### Available data
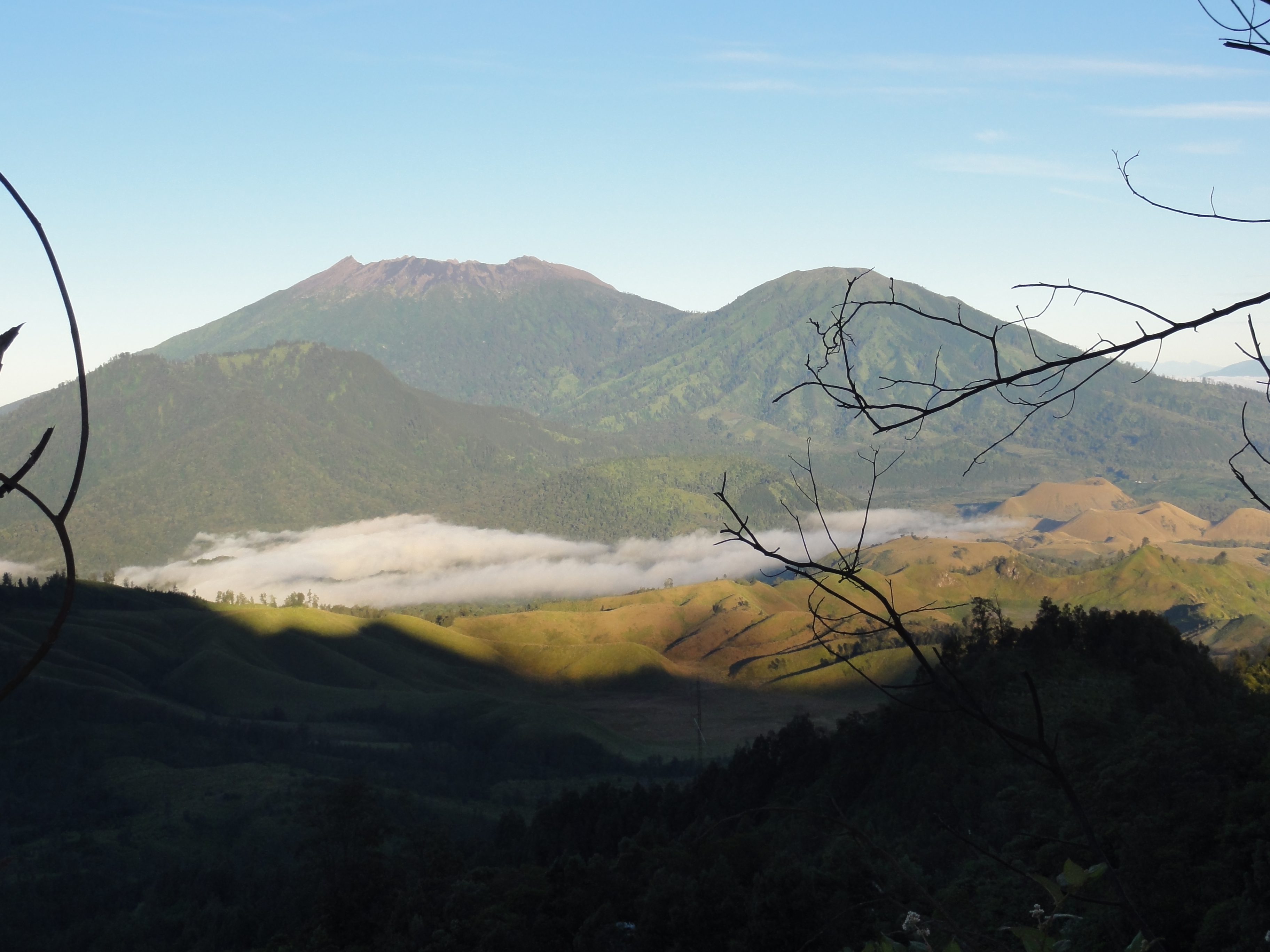 Le temps de se préparer et d’avaler un thé, une assiette de riz et une omelette en compagnie d’un couple de polonais qui viennent d’arriver pour gravir comme nous le Kawa Ijen, nous voilà partis vers 3h30 en jeep pour 1h de route jusqu’au pied du volcan. La piste et très chaotique, impossible de s’endormir dans la voiture. Nous payons 1250000 roupies pour le droit d’accès au site et commençons l’ascension aux premières lueurs du jour (5h30).
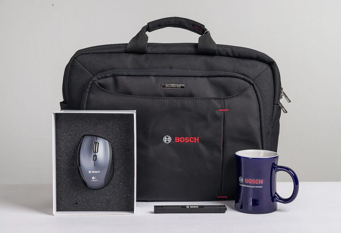 Простой пример — брендированные футболки с логотипом, термокружки, ручки, чехлы, наклейки, худи, носки, ежедневники и т.д.
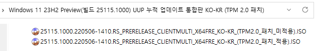 아래 파일은 UUP dump에서 배포하는 스크립트를 이용해서 MS에서 배포하는 파일(ESD, cab파일)로 만든 순수 ISO 파일입니다.
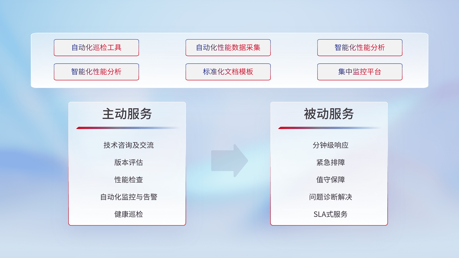智能化工具和标准化文档,,保障服务质量,,提供主动服务(包含技术咨询、、、版本评估、、、性能检查、、自动化监控与告警、、、、健康巡检)和被动服务包含(分钟级响应、、紧急排障、、、值守保障、、、问题诊断解决、、、SLA服务)。。。
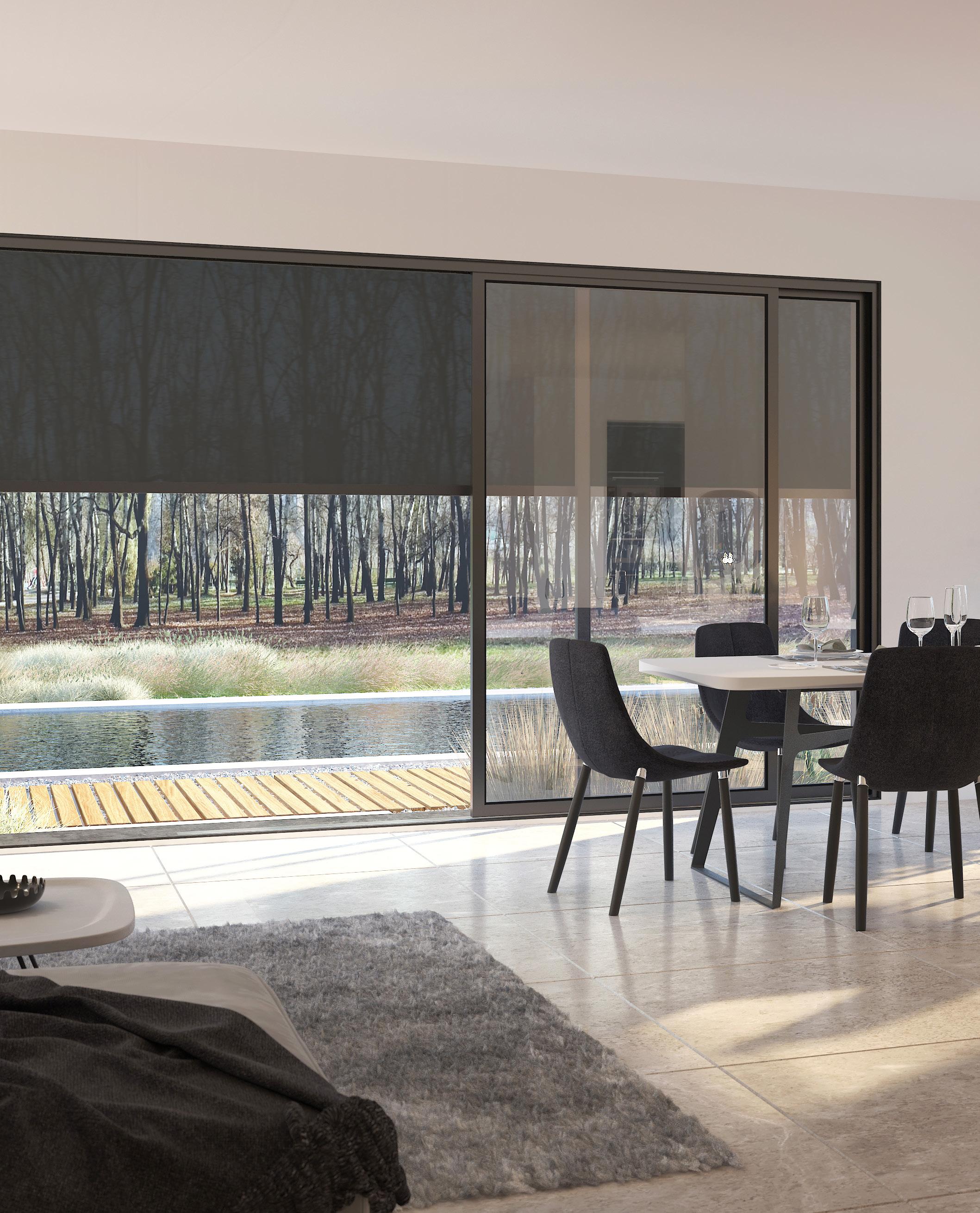 Transparent screen med optisk komfort. Reducerer intensiteten af sollyset uden at skabe et mørkt indendørsmiljø.
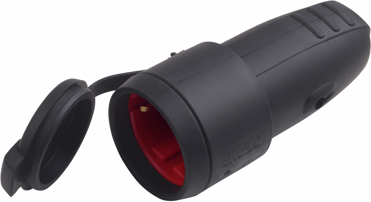 schwarz, Material: Gummi, mit zentraler Kabeleinführung, für Leitungsquerschnitt bis 2,5 mm², IP44 spritzwassergeschützt, zur Anwendung in feuchten Räumen geeignet, 16 A, 250 V~
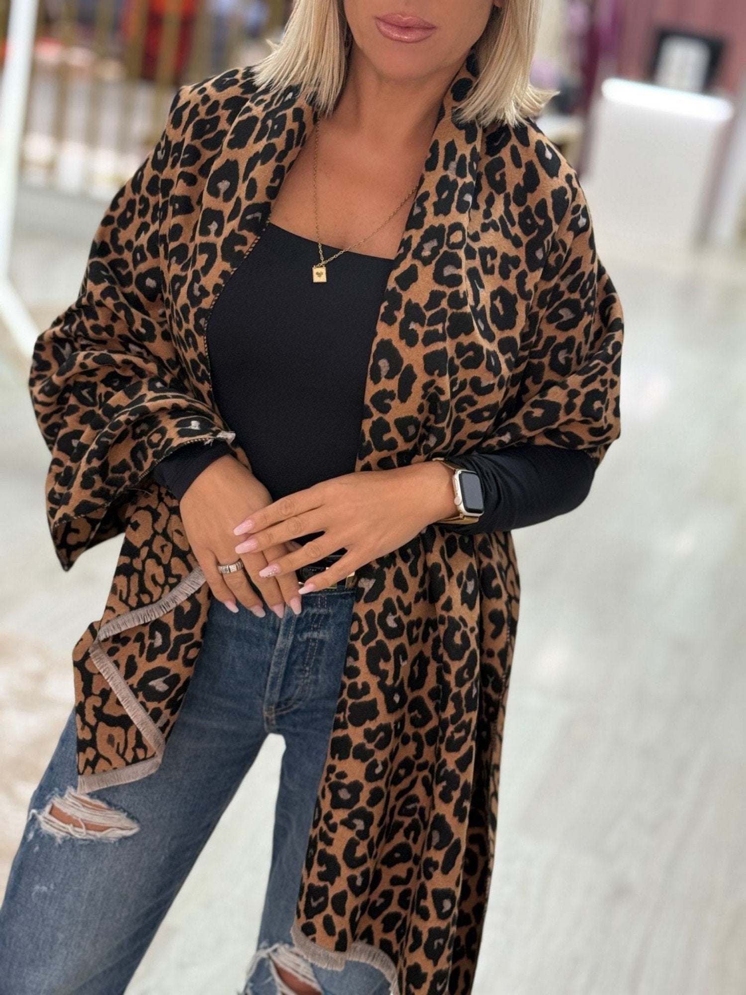 Echarpe com padrão animal.

### Task goal
In the listing above, find the line containing "智能化工具和标准化文档,,保" and restate it and every later line verbatim, with the pictures left out.

### Solution to this task
智能化工具和标准化文档,,保障服务质量,,提供主动服务(包含技术咨询、、、版本评估、、、性能检查、、自动化监控与告警、、、、健康巡检)和被动服务包含(分钟级响应、、紧急排障、、、值守保障、、、问题诊断解决、、、SLA服务)。。。
 Transparent screen med optisk komfort. Reducerer intensiteten af sollyset uden at skabe et mørkt indendørsmiljø.
 schwarz, Material: Gummi, mit zentraler Kabeleinführung, für Leitungsquerschnitt bis 2,5 mm², IP44 spritzwassergeschützt, zur Anwendung in feuchten Räumen geeignet, 16 A, 250 V~
 Echarpe com padrão animal.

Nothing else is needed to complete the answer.